● Exercise prompt
Only the lines from the top of the records below through the line containing "本套指标包括主/副/选3个指" should be printed, exactly and without pictures.

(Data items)

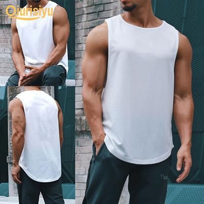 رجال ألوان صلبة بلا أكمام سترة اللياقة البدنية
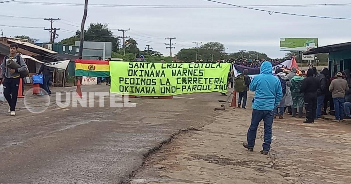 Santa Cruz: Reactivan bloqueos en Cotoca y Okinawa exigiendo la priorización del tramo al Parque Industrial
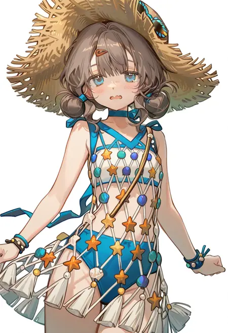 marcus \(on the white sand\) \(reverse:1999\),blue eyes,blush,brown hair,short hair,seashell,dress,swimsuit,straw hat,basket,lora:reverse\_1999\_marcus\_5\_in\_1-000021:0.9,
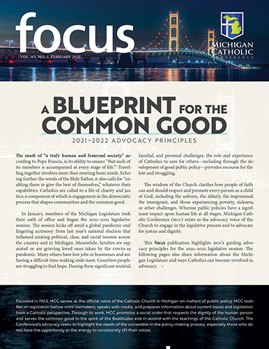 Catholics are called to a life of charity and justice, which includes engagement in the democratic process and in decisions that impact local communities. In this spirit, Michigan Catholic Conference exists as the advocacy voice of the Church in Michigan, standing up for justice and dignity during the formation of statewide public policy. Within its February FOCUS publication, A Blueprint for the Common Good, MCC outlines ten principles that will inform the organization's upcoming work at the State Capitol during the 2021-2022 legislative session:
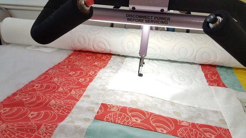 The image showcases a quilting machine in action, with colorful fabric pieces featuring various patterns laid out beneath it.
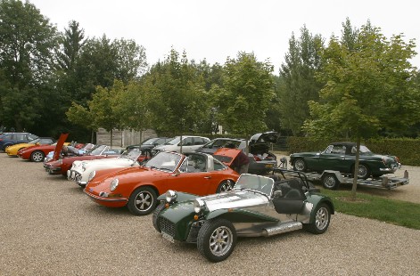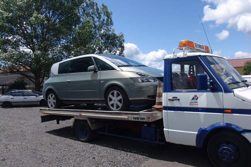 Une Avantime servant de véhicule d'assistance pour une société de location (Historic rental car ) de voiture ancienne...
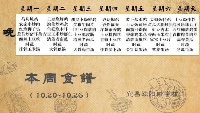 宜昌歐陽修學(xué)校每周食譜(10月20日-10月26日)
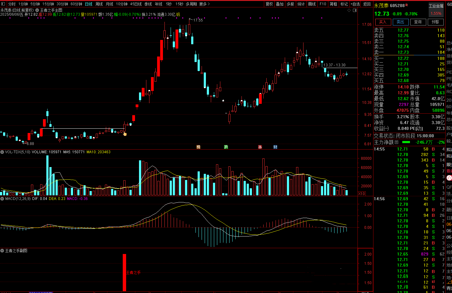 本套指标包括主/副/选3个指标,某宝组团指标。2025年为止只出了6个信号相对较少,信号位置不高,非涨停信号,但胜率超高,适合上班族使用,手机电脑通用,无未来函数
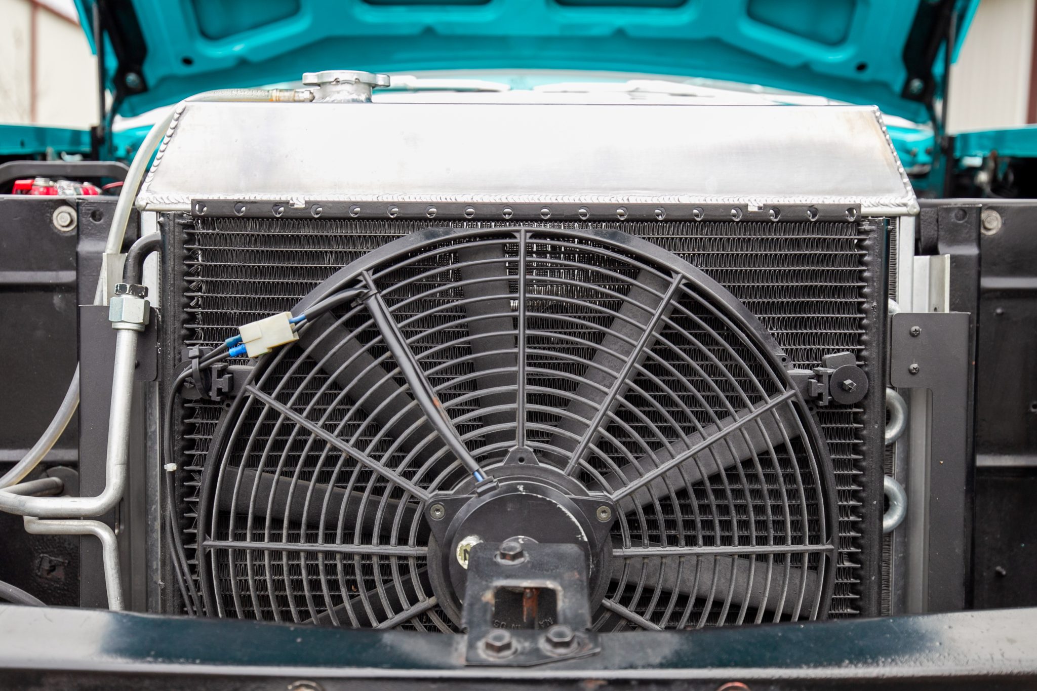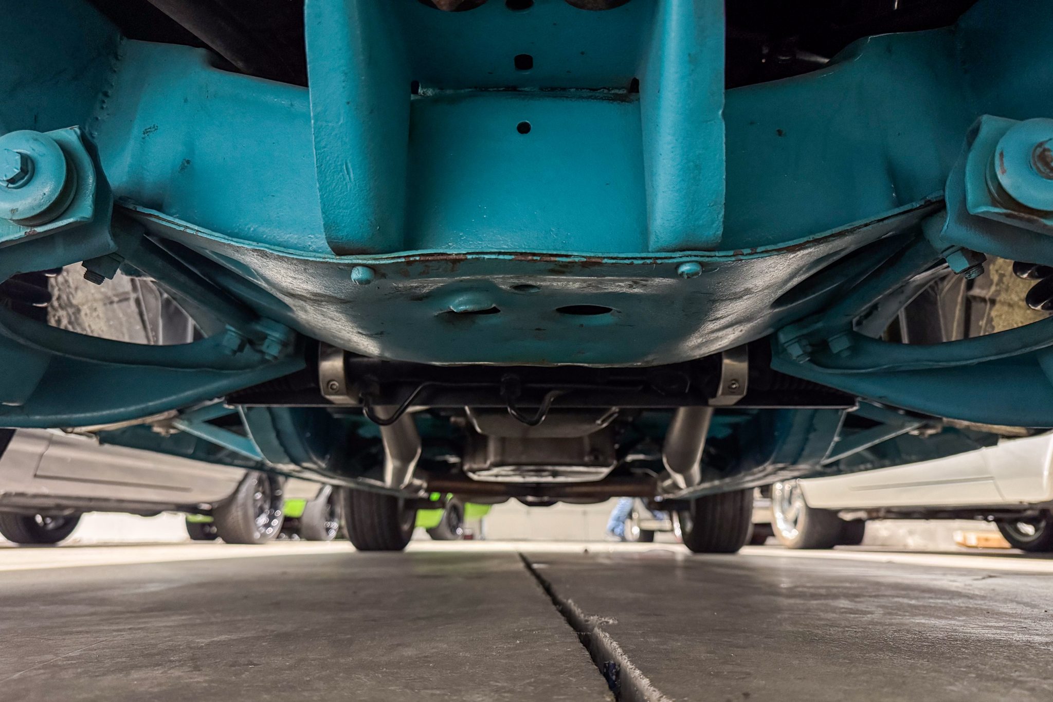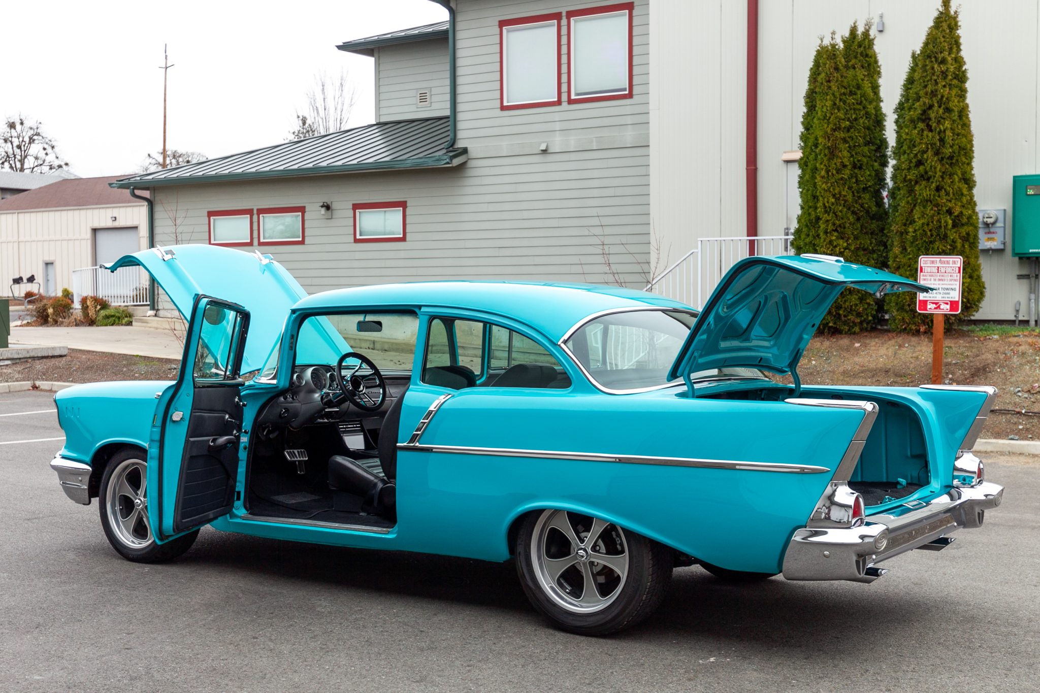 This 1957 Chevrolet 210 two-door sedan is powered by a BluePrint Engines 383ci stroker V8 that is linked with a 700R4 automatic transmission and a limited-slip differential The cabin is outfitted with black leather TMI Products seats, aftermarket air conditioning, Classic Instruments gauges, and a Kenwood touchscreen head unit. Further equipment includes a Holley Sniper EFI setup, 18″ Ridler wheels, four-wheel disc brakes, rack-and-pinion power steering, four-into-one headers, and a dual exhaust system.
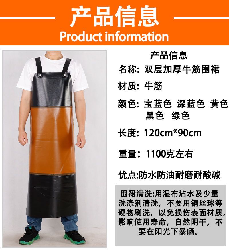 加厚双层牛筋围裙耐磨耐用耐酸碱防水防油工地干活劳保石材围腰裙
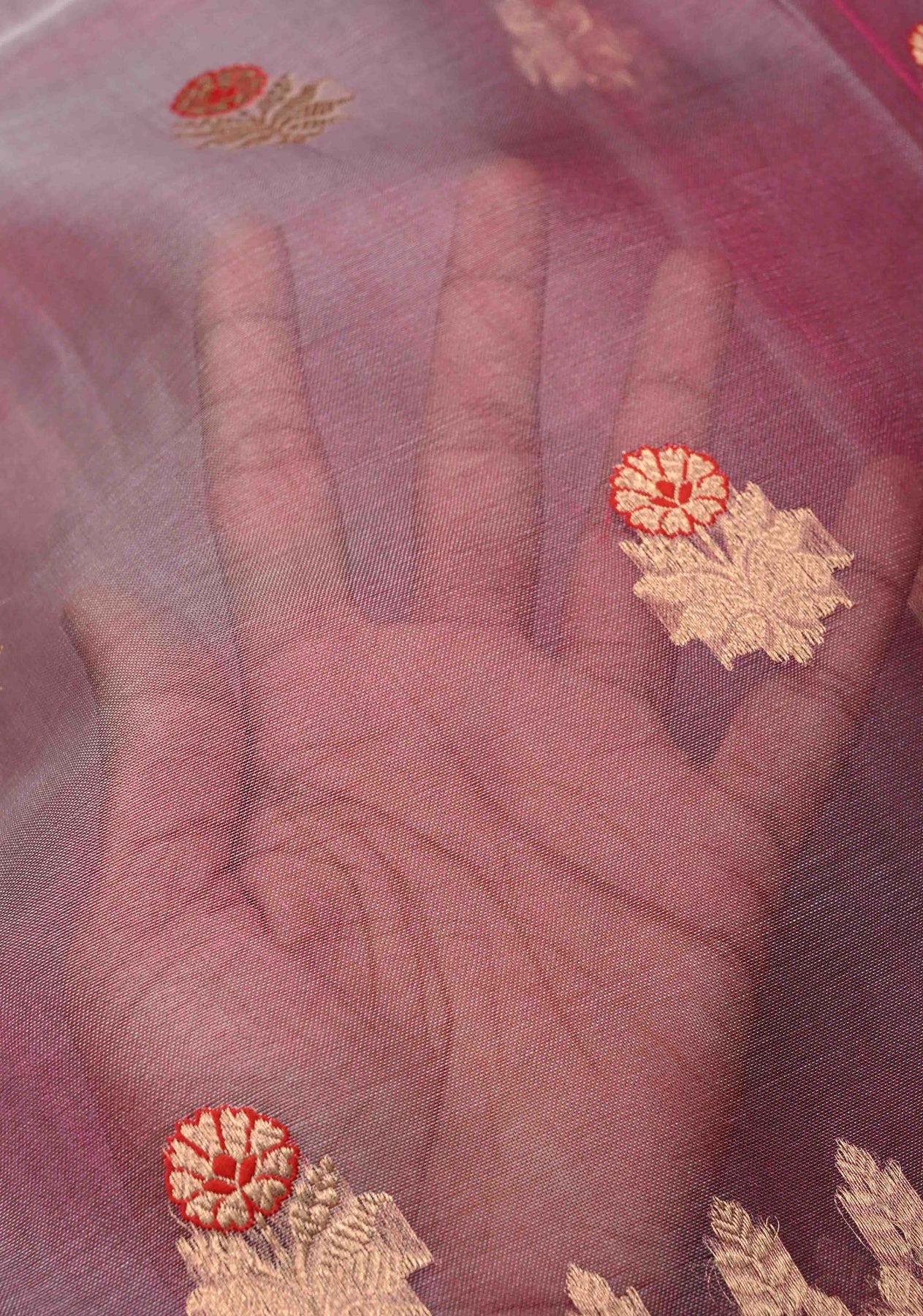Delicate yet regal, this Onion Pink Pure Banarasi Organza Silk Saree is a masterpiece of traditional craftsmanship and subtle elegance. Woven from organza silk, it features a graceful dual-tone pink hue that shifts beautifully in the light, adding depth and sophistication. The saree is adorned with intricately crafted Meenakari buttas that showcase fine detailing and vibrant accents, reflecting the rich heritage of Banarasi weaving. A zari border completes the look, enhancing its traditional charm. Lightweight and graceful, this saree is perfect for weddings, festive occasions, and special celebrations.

● Written solution
 رجال ألوان صلبة بلا أكمام سترة اللياقة البدنية
 Santa Cruz: Reactivan bloqueos en Cotoca y Okinawa exigiendo la priorización del tramo al Parque Industrial
 marcus \(on the white sand\) \(reverse:1999\),blue eyes,blush,brown hair,short hair,seashell,dress,swimsuit,straw hat,basket,lora:reverse\_1999\_marcus\_5\_in\_1-000021:0.9,
 Catholics are called to a life of charity and justice, which includes engagement in the democratic process and in decisions that impact local communities. In this spirit, Michigan Catholic Conference exists as the advocacy voice of the Church in Michigan, standing up for justice and dignity during the formation of statewide public policy. Within its February FOCUS publication, A Blueprint for the Common Good, MCC outlines ten principles that will inform the organization's upcoming work at the State Capitol during the 2021-2022 legislative session:
 The image showcases a quilting machine in action, with colorful fabric pieces featuring various patterns laid out beneath it.
 Une Avantime servant de véhicule d'assistance pour une société de location (Historic rental car ) de voiture ancienne...
 宜昌歐陽修學(xué)校每周食譜(10月20日-10月26日)
 本套指标包括主/副/选3个指标,某宝组团指标。2025年为止只出了6个信号相对较少,信号位置不高,非涨停信号,但胜率超高,适合上班族使用,手机电脑通用,无未来函数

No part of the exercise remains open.